Raudal Tanjung Banua, seorang sastrawan dari Komunitas Rumah Lebah Yogyakarta yang pernah dekat dengan Rendra pada masa akhir hidup Rendra juga memberikan testimoninya tentang Rendra.

Setelah testimoni itu, sebuah pertunjukan musik etnik dari Pusat Kesenian Balemong Ungaran turut menyemarakkan acara dengan perpaduan musik etnik dan gerak atraktif dari Daryanto Bended yang membacakan sajak-sajak tentang kehiduan pedesaan.

Buyung Mentari, seorang seniman /aktor yang pernah belajar teater pada Rendra ikut serta membacakan puisi karyanya malam itu sebelum Kepal SPI. Kepal SPI (Serikat Pengamen Indonesia) juga turut menjadi bagian dari acara ini. Mereka membawakan lagu-lagu dari album mereka yang bertema sosial dan sarat kritik pada pemerintah/penguasa. Penampilan Kepal SPI juga menjadi lebih variatif  ketika mereka berkolaborasi dengan Daryanto Bended dari Pusat Kesenian Balemong dalam lagu berjudul Maling.
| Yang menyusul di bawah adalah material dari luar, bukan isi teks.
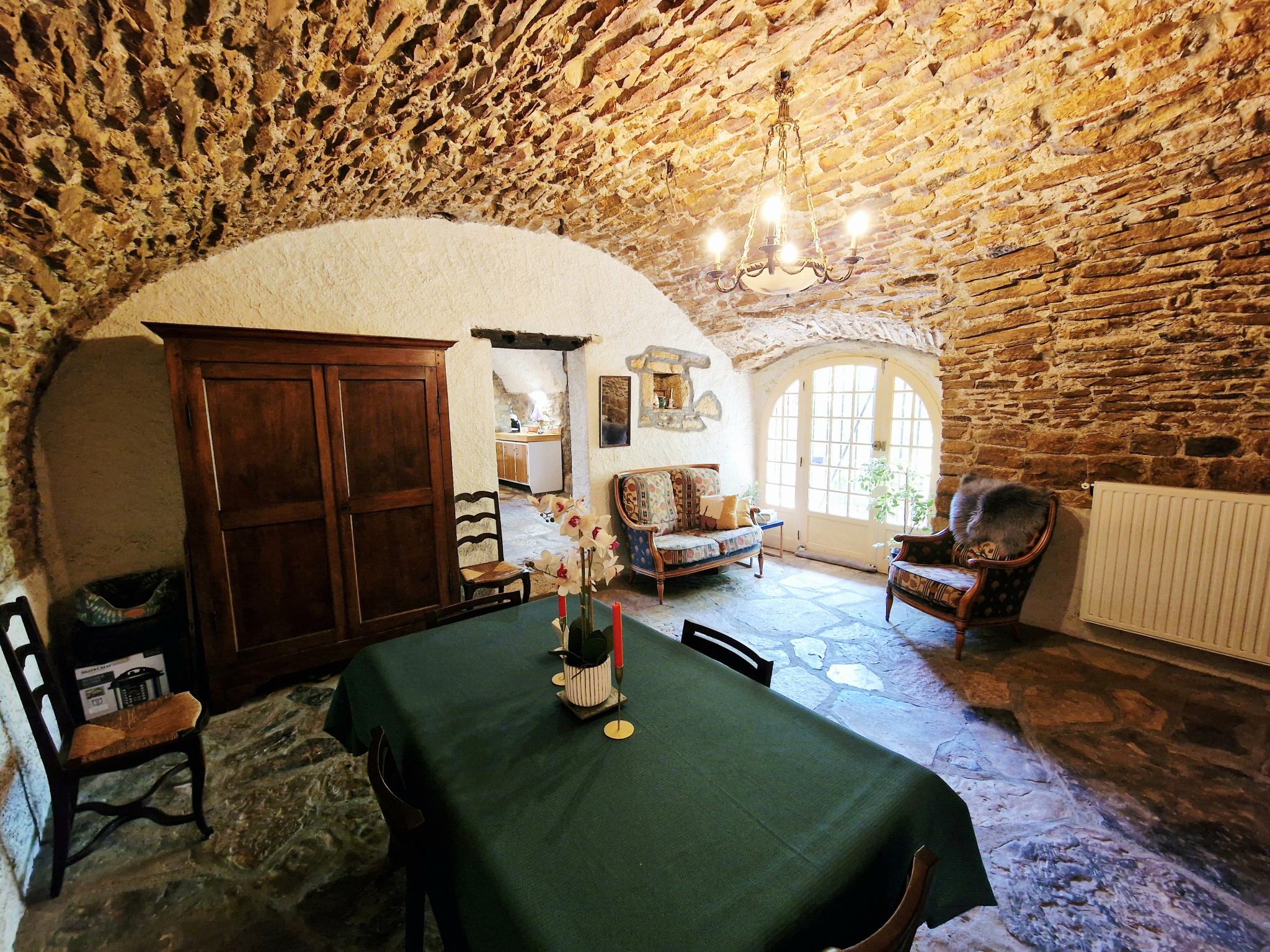 Dès l’entrée, vous serez conquis par ses magnifiques pièces voûtées, à usage de cuisine et de salle à manger.
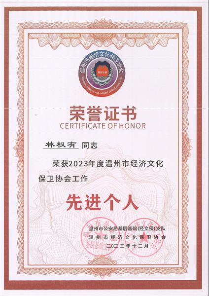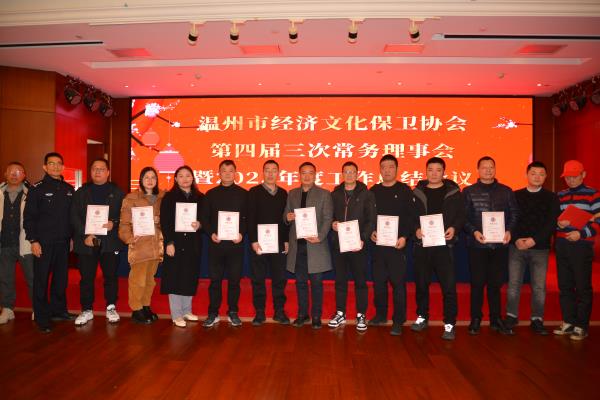 12月22日,温州市经济文化保卫协会召开了开第四届三次常务理事会暨 2023年度工作总结会议,会上,协会表彰了2023年协会工作先进集体和先进个人,其中,e77乐彩荣获温州市经文保协会“先进集体”称号,副总经理林权有荣获协会工作“先进个人”称号!

Dalam kolaborasi itu, Bended Daryanto membacakan syair ciptaannya yang dikombinasikan dalam lagu “Maling” tersebut.

Seorang budayawan sekaligus seniman, M.H Ainun Najib hadir di penutupan acara ini. M.H. Ainun Nadjib atau yang lebih dikenal dengan panggilan Cak Nun, dipanggil ke panggung  untuk memberikan testimoninya tentang W.S. Rendra. Namun karena mungkin waktu sudah menunjukkan jam 12 malam dan sepertinya pihak Karta Pustaka membatasi waktu tampil Cak Nun,  Hal ini diungkapkan Cak Nun dalam sambutan awalnya. Cak Nun malah lebih banyak memaparkan usulan konsep acara Peringatan W.S. Rendra  tahun depan dan bukan testimoni tentang Rendra. Cak Nun mengusulkan, ada baiknya jika acara peringatan W.S. Rendra dibagi menjadi empat bagian dalam dua hari dua malam, yaitu:  Rendra Intelektual, Rendra Estetik Artistik, Rendra Progresif dan juga Rendra Spiritual, sehingga semua aspek Rendra dapat dipahami lebih luas dan mendalam oleh masyarakat. Selain itu, Cak Nun juga memaparkan keprihatinannya pada kondisi Negara Indonesia saat ini. Cak Nun mengakhiri ‘testimoninya’ dengan memimpin doa bersama semua hadirin di tempat itu. Tepat pukul 00.30 dini hari,  acara selesai.